Despite the valuable insights provided by this study, certain limitations should be acknowledged. The small sample size may restrict the generalizability of the findings to a broader population. Furthermore, the lack of longitudinal follow-up prevents a comprehensive understanding of how hearing status evolves over time in individuals with EA. Additionally, potential biases, such as referral bias in audiological evaluations, should be considered when interpreting the results. Future studies with larger cohorts and long-term follow-up are necessary to address these limitations and provide a more comprehensive perspective on the auditory challenges faced by children with EA.
Although this retrospective design inherently carries risks of referral and selection bias, several methodological steps were taken to mitigate these limitations.
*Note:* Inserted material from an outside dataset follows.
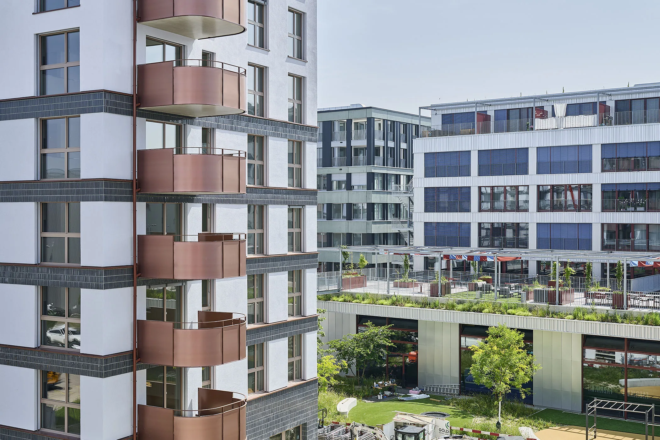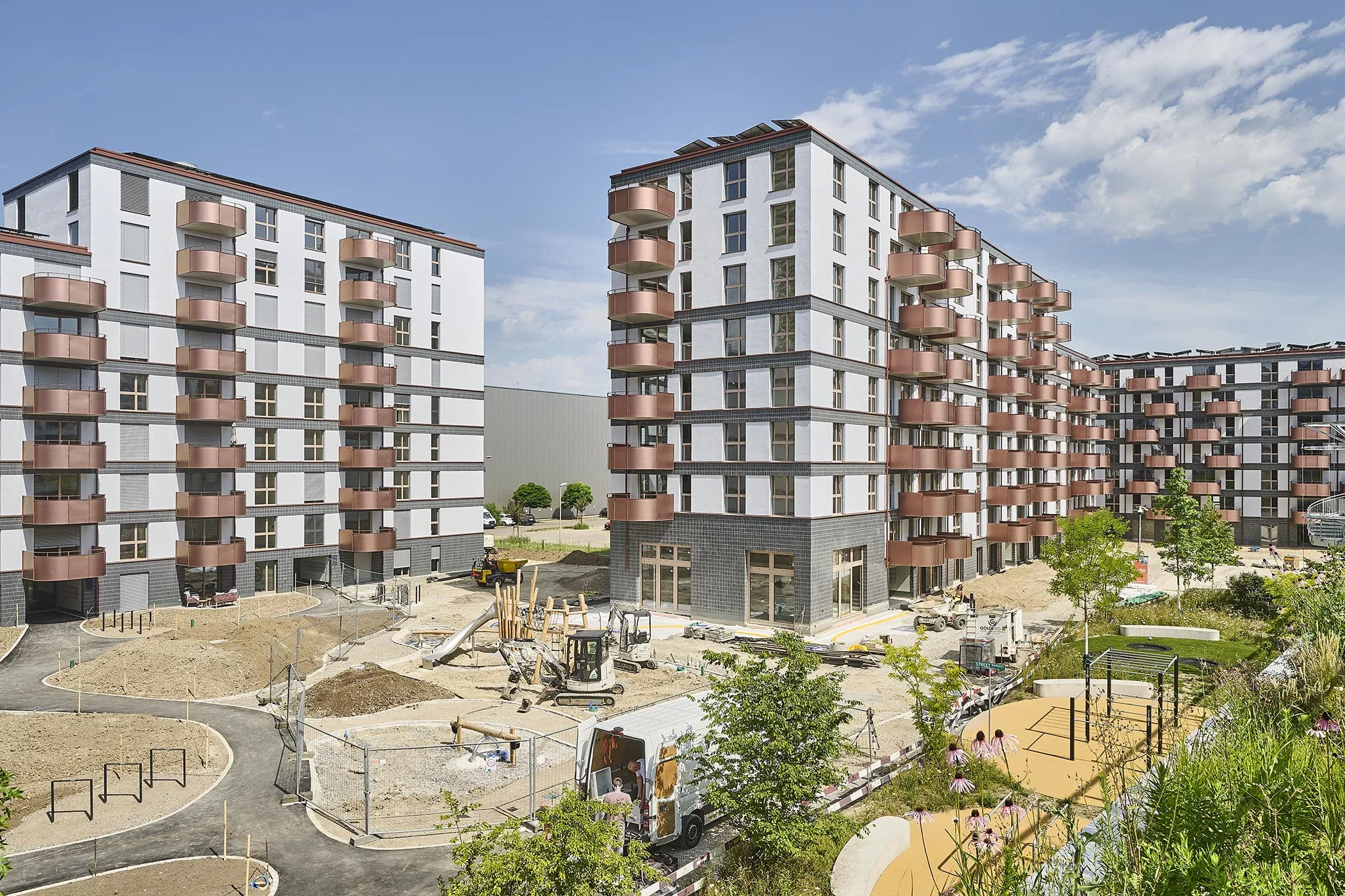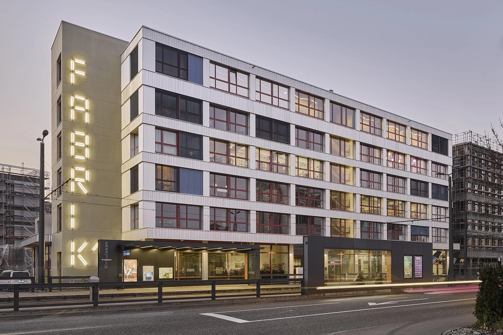 Das Gebiet Hochbord in Dübendorf befindet sich im Wandel von einer Industrie- zu einer Wohnzone. Mit der neuen Überbauung entsteht ein durchmischtes, urban belebtes Quartier. Die drei Neubauten sind so angeordnet, dass sie zusammen mit dem bestehenden Gewerbehaus einen identitätsstiftenden Aussenraum bilden, der im Transformationsprozess eine zentrale Rolle spielt. Entlang der Ringstrasse befinden sich publikumsorientierte Nutzungen, darüber Büros und Wohnungen. In den beiden winkelförmigen Neubauten sind rund 240 Wohnungen untergebracht, ergänzt durch öffentliche Flächen am Ringplatz und im zentralen Bau. Das bestehende Gebäude wurde in eine Wohn- und Dienstleistungsliegenschaft umgebaut, mit loftähnlichen Wohnungen, Indoor-Sportmöglichkeiten im Hallengeschoss sowie Co-Working-Bereichen in den oberen Geschossen. Eine Dachterrasse über der Sporthalle steht allen Mietenden zur Verfügung und bietet hohe Aufenthaltsqualität neben dem Büelwisenpark.

First, a census-based sampling approach was used, including all patients diagnosed with EA during the study period, regardless of auditory symptoms, thus reducing the likelihood of selection bias. Additionally, the audiological assessments (ABR and DPOAE) were performed uniformly for all included patients, minimizing information bias. Furthermore, patients were selected based on diagnosis and not referral for hearing loss, helping to reduce referral bias. Despite these efforts, some residual bias may persist due to the retrospective nature of the study and its setting in a tertiary care hospital.
5.1. Conclusions
This study highlights the high prevalence of conductive hearing loss in children with EA and underscores the critical need for comprehensive audiological assessments. The frequent co-occurrence of cleft palate further emphasizes the importance of a multidisciplinary approach, involving audiologists, otolaryngologists, and pediatric surgeons. By implementing routine auditory screenings and early interventions, clinicians can improve speech, language, and overall developmental outcomes for children with EA. Further research is needed to refine management strategies and optimize long-term care for this population.